26 February 2008

I'm over it

I am seriously over this deployment! I got to talk to Rob the other night for 51 minutes!!! That is the most we have talked to since he was home back in September for R&R. It was amazing, yet sucked all in the same time.

I really miss being able to lay in bed at night talk to him, I miss sitting across from him at the dinner table and talking about our days, I just really miss everything about him. There have been days, where things are so hectic, that I temporarily forget I'm married, how freaking sad is that?!?!?!?!

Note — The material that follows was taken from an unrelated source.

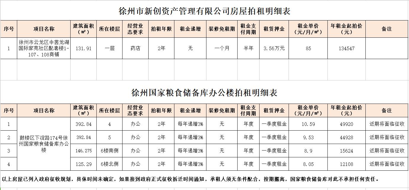 1.云龍區(qū)中茵龍湖國(guó)際家苑社區(qū)1-107、108商鋪,建筑面積131.91㎡。(租期2年,僅限經(jīng)營(yíng)藥店。保證金2萬(wàn)元,須交至徐州市公共資源交易中心賬戶(hù))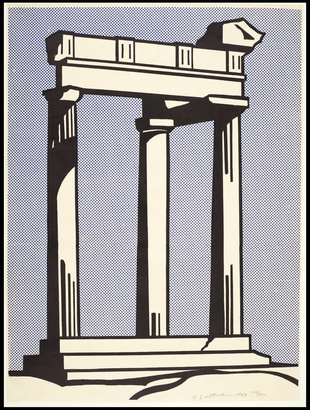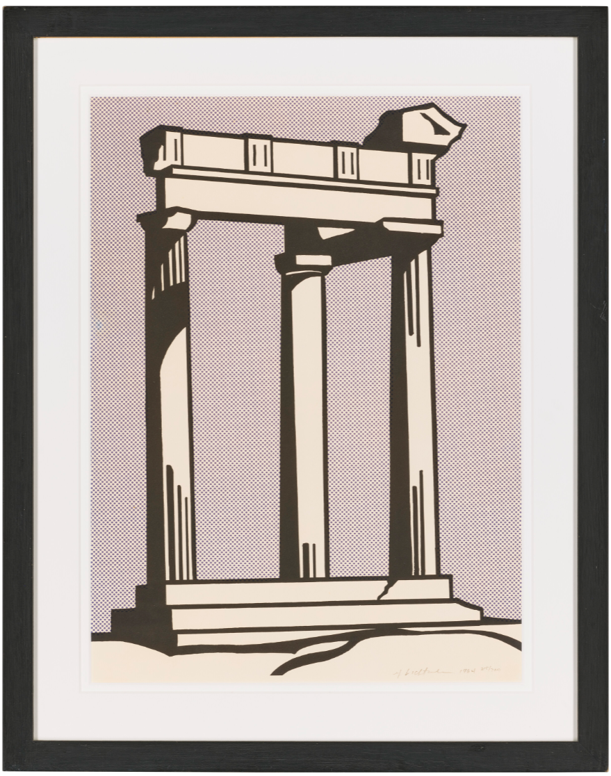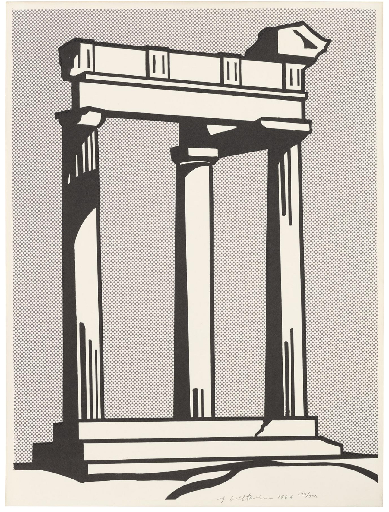Rising up from a shimmering expanse of black and white Ben Day dots, the classical ruins of Temple stand isolated in monumental grandeur against an empty horizon. Devoid of environment and detail, Lichtenstein enhances the graphic clarity of the temple whilst highlighting the incongruity between artistic depiction and reality. Temple epitomizes Lichtenstein’s natural awareness of line and form becoming an exquisite and seemingly effortless essay in the art of illusion. The drama of Lichtenstein’s distinctive signature technique is fully realized. Temple is one of Lichtenstein’s most iconic images; a motif that is synonymous with American Pop Art as well as Lichtenstein’s remarkable contribution to visual culture and awareness in the 20th century.

15 months is just too long! The most Rob had ever been gone was 9 months, which wasn't so bad, on long weekends he would drive up from Georgia to Virginia, or I would drive down there. I mean there were field exercises along the way, and I suppose if you added all of them up then he was probably gone about 5-7 months out of the year or so. But 15 months, of not living together, and only get the occasional 10-15 minute phone call here or there, going 2-4 weeks with no communication what so ever is finally starting to wear me down. I'm tired of handling all the problems at home, I'm tired of being the only one here for the boys.

I would never ask Rob to leave the Army, I know its a job he truly loves doing, I just wish the job was more family oriented. I'm extremely proud of Rob for having the courage to do the job he does, and although at this moment I really hate it, deep down I love being a military family.

Okay I think I'm done bitching for the night.